Consider these dodgy proofs. Although the results are obviously wrong, where, precisely, do the 'proofs' break down? There are four starter questions, four main questions and three questions for pudding. Good luck!
 
 
STARTER QUESTIONS 

S1. A pound equals a penny   

Proof:
£$1 = 100 p = (10p)^2 = ($ £$ 0.1)^2 = $ £$0.01 = 1p$


S2. ${\mathbf{2 = 3}}$

Proof:
We have $2\times 0 =0$ and also $3\times 0 = 0$. 
Therefore we have $2 \times 0 = 3 \times 0$. 
Dividing both sides by $0$ gives $2=3$.

S3. The perimeter of a square is four times its area

Proof:
Choose units so that the side of the square is length 1.
Then the perimeter equals 4 units and the area equals $1\times 1=1$ unit.
Thus, the perimeter of the square is four times its area.

 
S4. ${\mathbf{0 = 1}}$  

Proof:
$0=0+0+0+\cdots$. But $0=1-1$, so $$ 0=(1-1)+(1-1)+(1-1)+\cdots $$ So, by rearranging the brackets, we have $$ 0=1+(-1+1)+(-1+1)+(-1+1)+\cdots = 1+0+0+0+\cdots = 1 $$


 
MAIN QUESTIONS  
 
M1. ${\mathbf{\infty = -1}}$

Proof:
Let $$x=1+2+4+8+\dots $$ Thus, $$1+2x = 1+2(1+2+4+\cdots) = 1+2+4+8+\cdots = x$$ Thus, $1+2x=x$. Rearranging this gives $x=-1$. However, $x$ is also obviously infinite. Thus, $\infty = -1$.

 
M2. Any two real numbers are the same

Proof:
Pick any three real numbers $a$, $b$ and $c$.
If $a^b = a^c$, then $b = c$.
Therefore, since $1^x = 1^y$, we may deduce $x = y$ for any two real numbers $x$ and $y$.


M3. All numbers are equal

Proof:
Suppose that all numbers were not the same. Choose two numbers $a$ and $b$ which are not the same. Therefore one is bigger; we can suppose that $a> b$. Therefore, there is a positive number $c$ such that $a=b+c$. Therefore, multiplying sides by $(a-b)$ gives $$a(a-b) = (b+c)(a-b)$$ Expanding gives $$a^2-ab = ab-b^2+ac -bc $$ Rearranging gives $$a^2-ab-ac= ab-b^2-bc$$ Taking out a common factor gives $$ a(a-b-c) = b(a-b-c) $$ Dividing throughout by $(a-b-c)$ gives $a=b$, therefore $a$ and $b$ could not have been different after all, hence all numbers are equal.

 
 
M4. All numbers are equal - version 2    

Proof:
Choose any two numbers $a$ and $b$, where $a \neq b$, and let $a+b=s$.

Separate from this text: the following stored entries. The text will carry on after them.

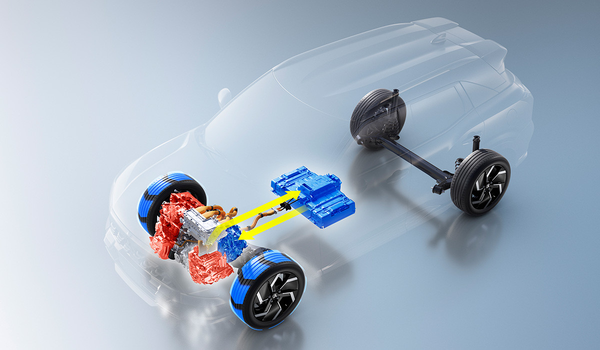 Vozilo ima prednji pogon, a glavni izvor snage je elektromotor (116 KS, 255 Nm). Start sa mesta i kretanje pri nižim brzinama odvijaju se isključivo na električni pogon. Benzinski motor – atmosferski 1.6 (95 KS, 134 Nm) – radi po Milerovom ekonomičnom ciklusu i većinu vremena funkcioniše kao generator, ali se pri visokim brzinama može direktno povezati sa točkovima.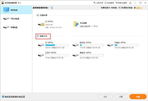 第二步:点击“我的电脑”选择需要恢复的磁盘并扫描。
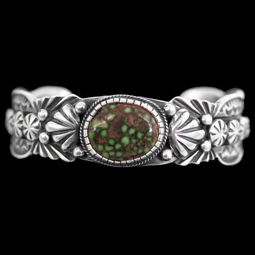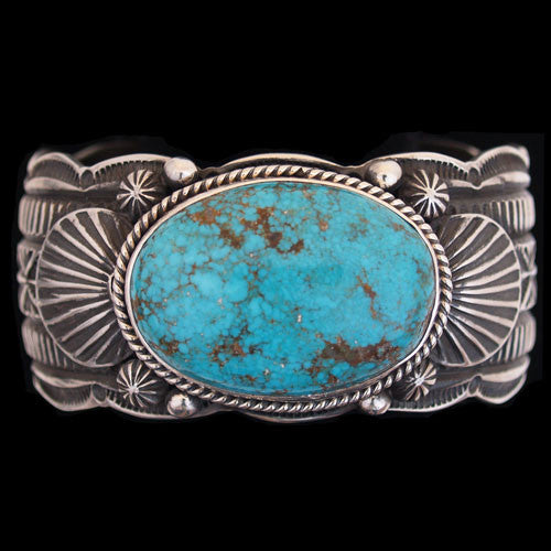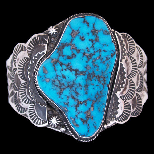 Like the intricate pattern of a diamondback rattlesnake, the design on this Guy Haskie bracelet is mesmerizing. Intricate stamping sets off a beautiful and large natural, gem grade Burnham turquoise stone. Guy is well known for his silver smithing talents and has used them to great effect in this stunning cuff. This is a piece that will make any turquoise jewelry lover happy.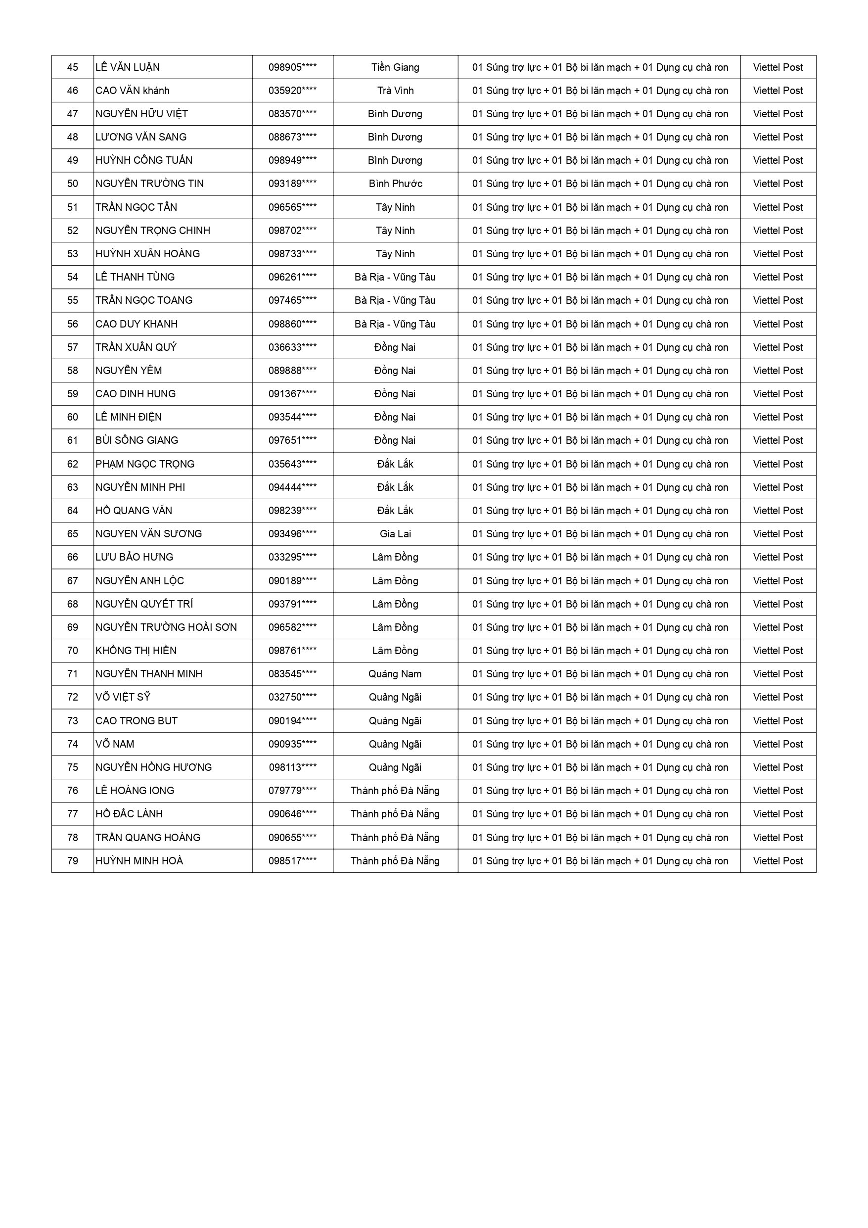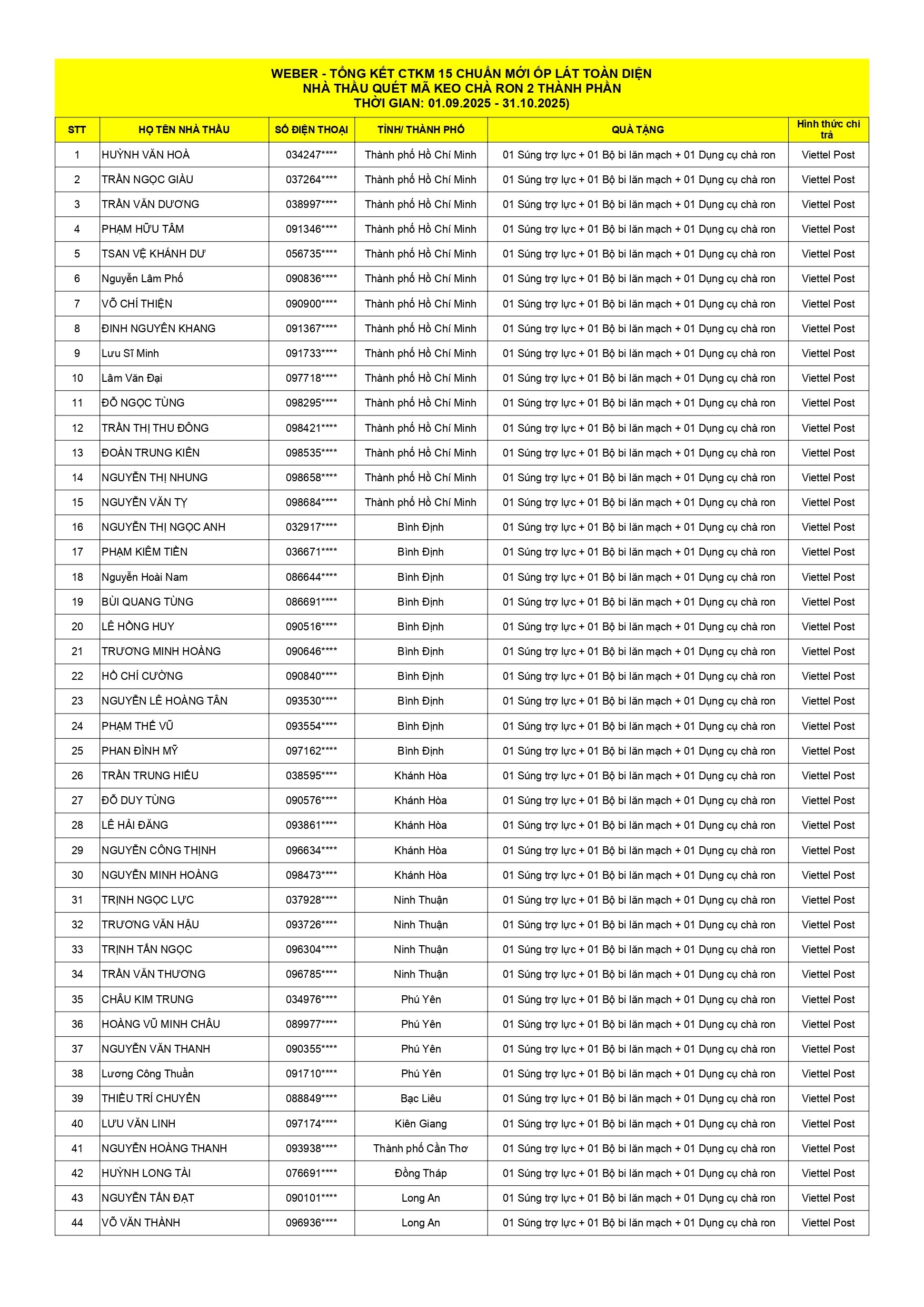 DANH SÁCH KẾT QUẢ CTKM "NHÀ THẦU QUÉT MÃ KEO CHÀ RON 2 THÀNH PHẦN VÀ NHÀ THẦU MỚI WEBER"

Thus, $(a+b)(a-b) = s(a-b)$

Thus, $a^2-b^2 = sa - sb$

Thus, $a^2 -sa = b^2-sb$

Thus, $a^2-sa+s^2/4 = b^2-sb+s^2/4$

Thus, $(a-s/2)^2 = (b-s/2)^2$

Thus, $a-s/2 = b-s/2$

Thus, $a=b$, and so all numbers are equal

PUDDING QUESTIONS  
 

P1. ${\mathbf{3 = 0}}$

Proof:
Consider the quadratic equation $ x^2+x+1=0 $. Then, we can see that $ x^2=-x-1 $. Assuming that $x$ is not zero (which it clearly isn't, from the equation) we can divide by $x$ to give $$ x= -1-\frac{1}{x} $$ Substitute this back into the $x$ term in the middle of the original equation, so $$ x^2 +\left(-1-\frac{1}{x}\right)+1=0 $$ This reduces to $$x^2=\frac{1}{x}$$ So, $x^3=1$, so $x=1$ is the solution. Substituting back into the equation for $x$ gives $$ 1^2+1+1=0 $$ Therefore, $3=0$. 
 
 

 
P2. The smallest positive number is 1 

Proof:
Suppose that $x$ is the smallest positive number. Clearly $x\le 1$ and also $x^2> 0$. Since $x$ is the smallest positive number, $x^2$ can't be smaller then $x$, so we must have $x^2\geq x$. We can divide both sides of this by the positive number $x$ to get $x \geq 1$. Since $x$ is both less than or equal to $1$ and greater than or equal to $1$, $x$ must equal $1$. Thus the smallest positive number is $1$. 
 
 
 
P3. ${\mathbf{1=-1}}$.

Proof:
Clearly, $-1=-1$ and $\frac{1}{1} = \frac{-1}{-1}$
Therefore, $-1\times \frac{1}{1}=-1\times \frac{-1}{-1}$
Therefore, $\frac{-1\times 1 }{1}=\frac{-1\times -1}{-1}$
Therefore, $\frac{-1}{1}=\frac{1}{-1}$
Therefore, $\sqrt{\frac{-1}{1}}=\sqrt{\frac{1}{-1}}$
Therefore, $\frac{\sqrt{-1}}{1}=\frac{1}{\sqrt{-1}}$
Multipliying both sides by $\sqrt{-1}\times 1$ gives $\sqrt{-1}\times \sqrt{-1} = 1\times 1$
Therefore, $-1=1$